This Tip is Worth Exactly $4,678.89 in Paid Sessions with the Best Life Coaches:
This may be the simplest technique for improving your marriage communication skill that has ever been offered by life coaches or therapists.
Life Coaches’ Tip: Use a simple numeric scale to communicate your needs and wants and to listen to the needs and wants of your spouse.
What do married couples fight about? Money, parenting decisions, sex, home repair and improvement and the list goes on. But few arguments are as emotionally charged as ones that involve a clash between between husband and wife over parenting decisions.

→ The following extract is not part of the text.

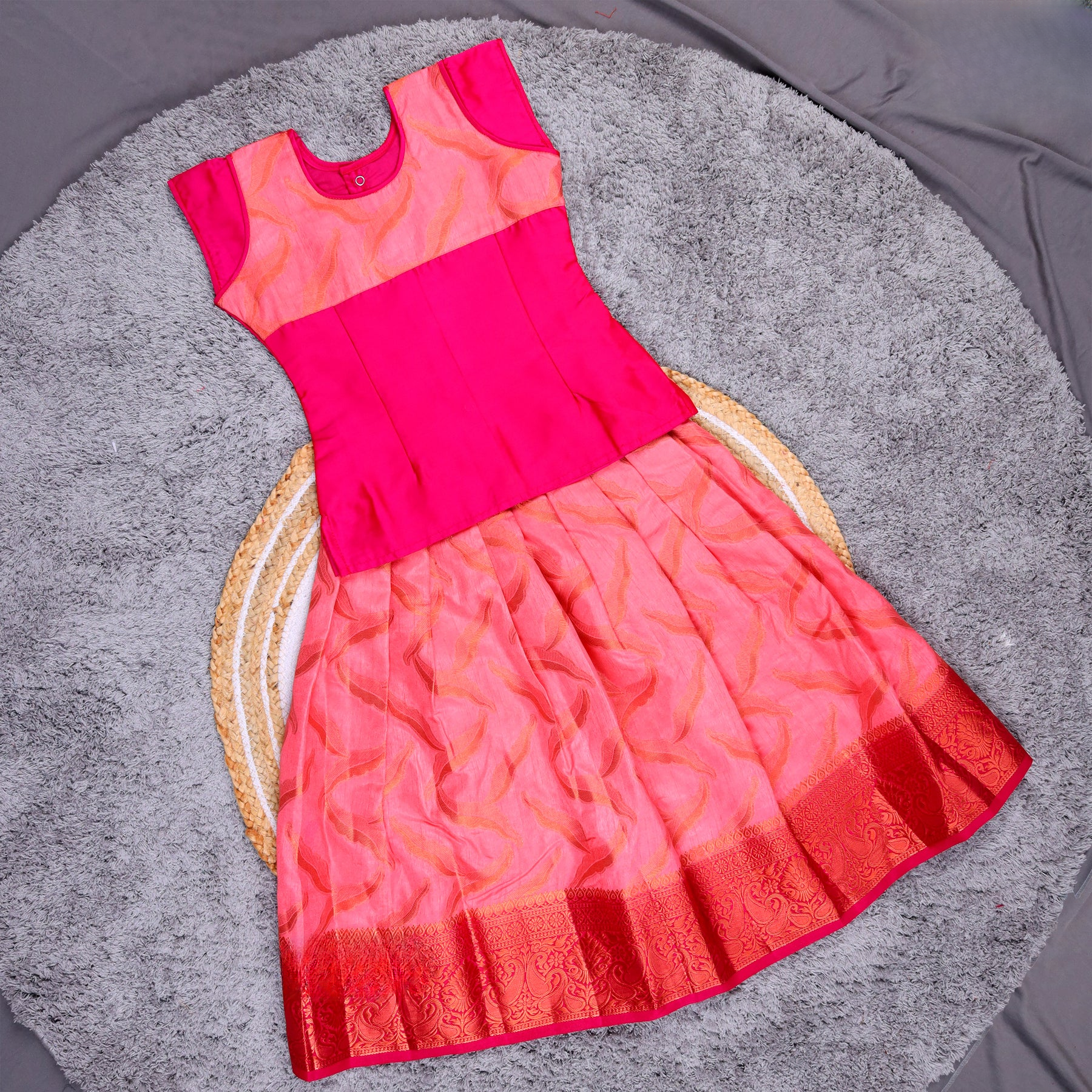 TRADITIONALPEACH PATTU PAVADAI

Communication Skill: The Need to be Clear and Brief
In coaching couples for more satisfying relationships, it often strikes me how often we all understate how important something is to us. We express an opinion about something we want and then feel slighted if our spouse doesn’t jump on a particular task immediately. But supposing that your spouse thought you were just thinking out loud? He or she might not be very responsive simply because you didn’t make it clear how important the idea was to you. Let’s take an example:
“I’ve been thinking about starting our daughter on piano lessons and holding off on the soccer.”

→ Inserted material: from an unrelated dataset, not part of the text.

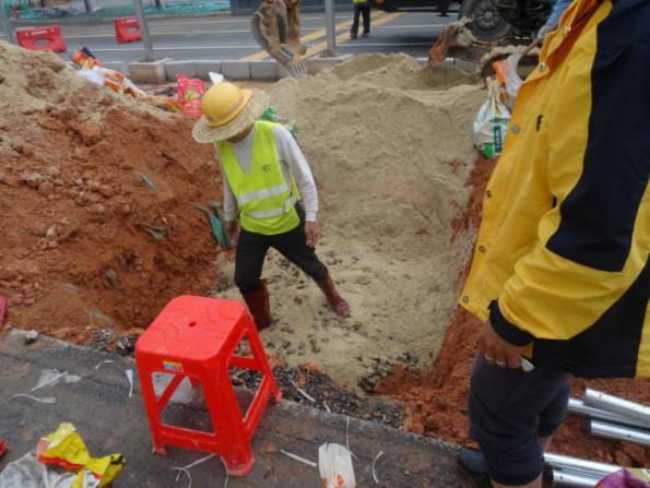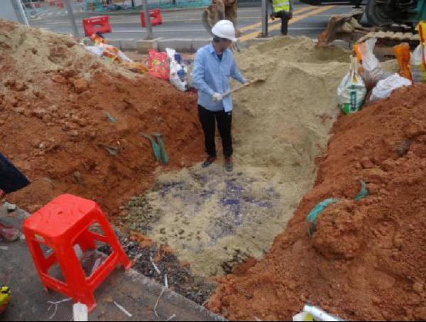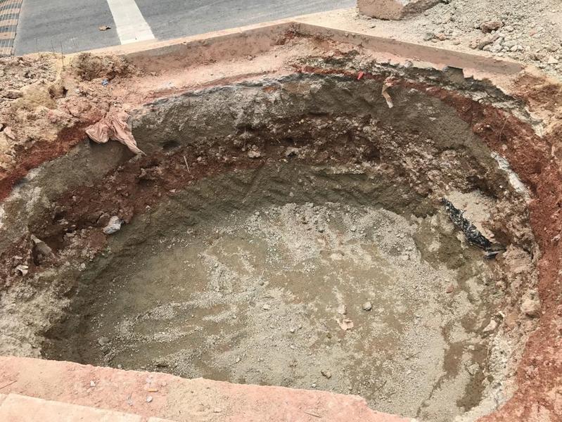 根据土球大小确定树穴的开挖深度,树穴开挖深度一般为土球大小外扩500mm,本项目加那利海枣树槽开挖深度为1.5m,宽为2m。因需铺设透水管,需预先开挖沟槽,确定开挖深度后进行树槽开挖。前湾一路土壤容重、孔隙度、营养物质等指标均无法达到加那利海枣生长要求,因此开挖土壤需要外运,回填应采用合格的种植土。

From the wording of this comment, it could mean a lot of things even if we don’t consider the tone and volume of voice, the setting, and whether or not there is eye-contact (not to mention whether or not it was spoken from across the room). Let’s do some translating. Here are some possible meanings a wife could have by making the comment above:
- Meaning #1: “I know I have never mentioned it before, but I think music is just as important as athletics for our kids.”

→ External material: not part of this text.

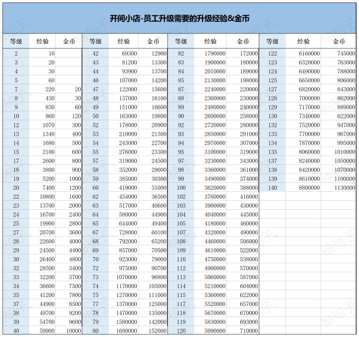 开间小店员工升级相关 — 升级经验&金币&升级证书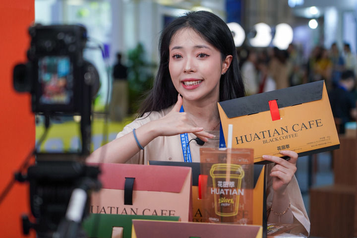 2024年7月24日,参展商在南博会咖啡产业馆直播带货。新华社记者 王静颐 摄

- Meaning #2: “I’ve made a decision. I feel strongly that our daughter should take piano lessons this year instead of being consumed by soccer.”
- Meaning #3: “Have you ever wondered if our daughter really isn’t interested in soccer?”
- Meaning #4: “I would never want our daughter to quit soccer, knowing how much she loves it. But sometimes I wish she had an a little more interest in music.”
- Meaning #5: “Honey, I want to just float an idea past you. What would you think if we started our daughter on piano lessons instead of jumping in to the soccer scene this year. She seems to have a real passion for music.”
- Meaning #6: “I am sick and tired of having our weekends consumed by soccer. I’m simply not willing to do that again.”
As you can see, the simple comments that we make to each other may have a variety of meanings to our spouse, especially when we factor in previous discussions about the topic, your spouses mood, and how rushed for time your spouse feels as he “listens.” Do you even have your spouses full attention when you say it? Perhaps all your husband heard was “sick and tired,” or “I’m simply not willing…” blah, blah, blah.
A Simple Solution That Improves Your Communication Skill
Using a simple numeric scale helps with both speaking more clearly and clarifying what your spouse is trying to say to you. In our example above, the husband might be casually listening while doing something else. He might wrongly assume that his wife is just thinking out loud. But to be sure he asks, “So, on a scale from 1 to 10, how important are the piano lessons to you?” When his wife response with “9,” he instantly knows that he would be wise to ask some more questions and give her his full attention as soon as he is able.
Coming at from the other direction, the wife might feel that her husband is not taking her seriously. She could then say, “You know, I’ve given this a lot of thought and I think on a scale of importance from 1 to 10 I would give the piano lessons a 9.” Of course, we don’t know what the husband will do with that. But the wife can know that she has made herself crystal clear: she isn’t going to let this go.
In some ways, this is all part of taking responsibility for what we communicate and also for how effectively we listen. It takes just a few seconds and it can save you from hundreds of unnecessary arguments and hurt feelings.